Пушкин нервически пожал плечами:

— Нехорошо я живу. Просился уехать — не пускают. Добивался позволения драться с турками — ответили, что в действующей армии не может находиться кто-либо из не принадлежащих к ее составу. Да если бы и взяли, то хорош бы я был где-либо в арьергарде с безусыми юнцами. Здесь же непрестанно таскают на допросы, обязуют подписками, чтоб никаких своих творений без рассмотрения цензуры выпускать не смел.
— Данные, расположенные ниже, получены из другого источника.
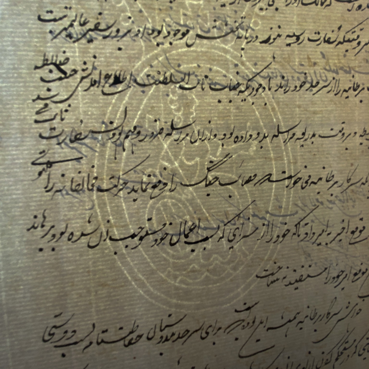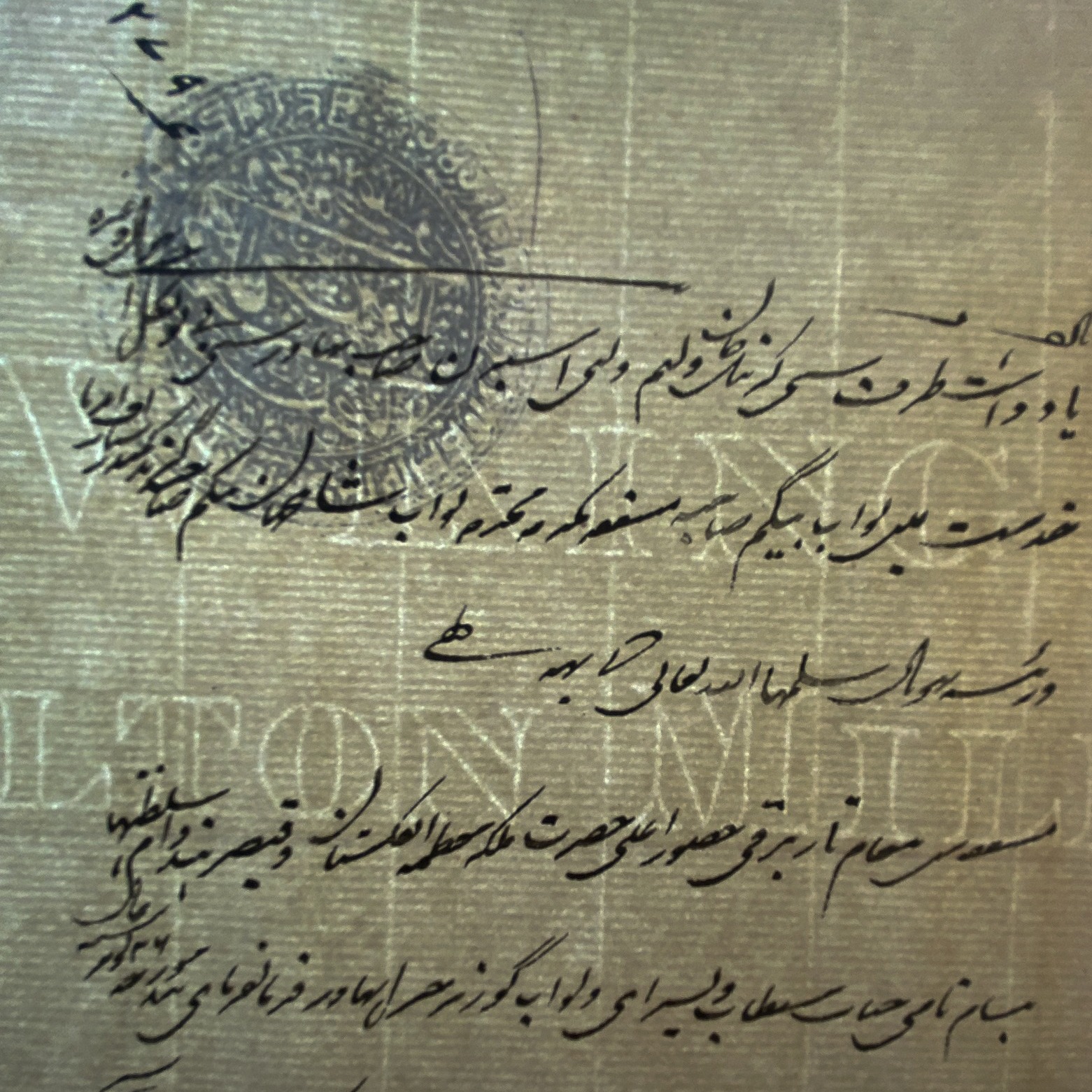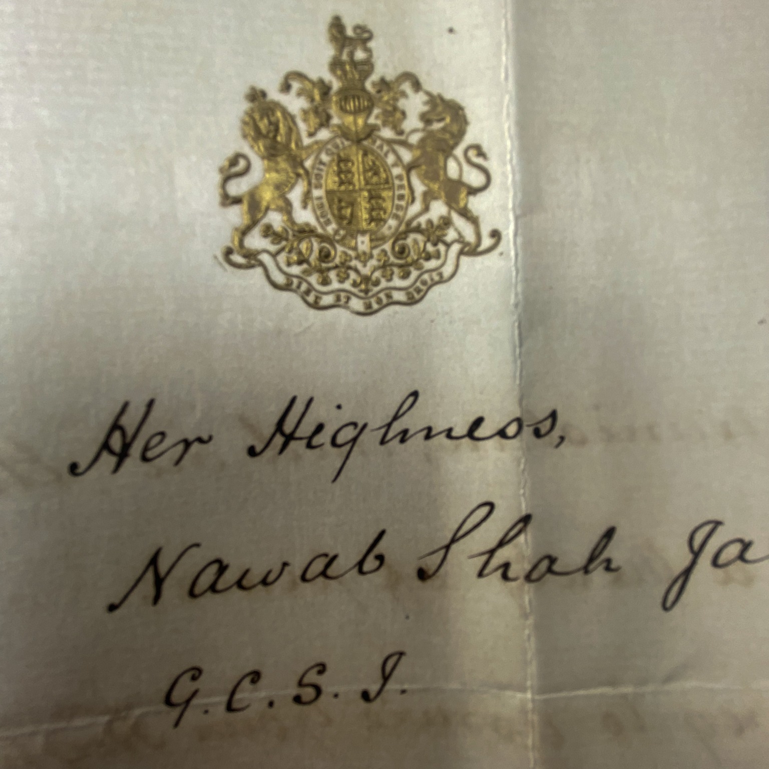 Two 1879 Letters signed by Lord Lytton (Viceroy 1876-1880) addressed to Her Highness Nawab Kudsia Begam on the Conclusion of the Afghan War; A manuscript letter written in palace script on both sides of a single sheet of parchment, embossed in gold with the Viceroy's royal coat of arms, addressed to Her Highness Nawab Kudsia Begam, M.C.I. Dated Simla 30th July 1879 and signed Lytton. The letter thanks the Begum for her congratulations on "the termination of hostilities with the Amir of Afghanistan" and promises to convey them to the Queen. This letter is folded at foot and fore-edge to fit the binding and is accompanied by another letter using the same wording and also signed Lytton but addressed to Her Highness Nawab Shah Jahan Begam, G.C.S.l., together with true copies in Persian on gold leaf decorated paper, certified and signed by the Secretary to the Government of India.

В мою жизнь, кроме царя, вмешиваются еще Правительствующий сенат, Государственный совет, главнокомандующий в столице граф Толстой, петербургский военный губернатор, Бенкендорф со своим Третьим отделением и всевозможными статс-секретарями и полицейскими чиновниками, вплоть до хожалых и будочников. Я нахожусь и под явным и под тайным надзором. Мне приписывают все жалкие, постыдные и кощунственные произведения, к коим я вовсе никакого касательства не имею. Я болтаюсь в свете потому, что я бесприютен…

— А мне сказывали, что ты часто ездишь в Приютино, — попытался Раевский шуткой рассеять настроение Пушкина.

Тот вздохнул:

— К сожалению, Приютино Олениных — приют для слишком многих. А мне надоело не соответствующее моим летам положение, когда глупый юнец может потрепать меня по плечу и даже пригласить в неприличное общество.

— Тогда женись, — уже серьезно проговорил Раевский. — Ежели не находишь невесту здесь, так ведь красавиц на Москве немало.

— А вы слышали что-либо о Гончаровой? — с живостью спросил Пушкин.

— Слышал, что она чудо как хороша и что ты вконец ею «огончарован».

— Уж и до вас докатился мой каламбур! — вдруг рассмеялся Пушкин, и Раевский уловил в его лице и смехе выражение удовольствия. — Гончарова — прелесть! Но «не дай бог хорошей жены: хорошу жену в честной пир зовут», — вполголоса пропел он отрывок народной песни.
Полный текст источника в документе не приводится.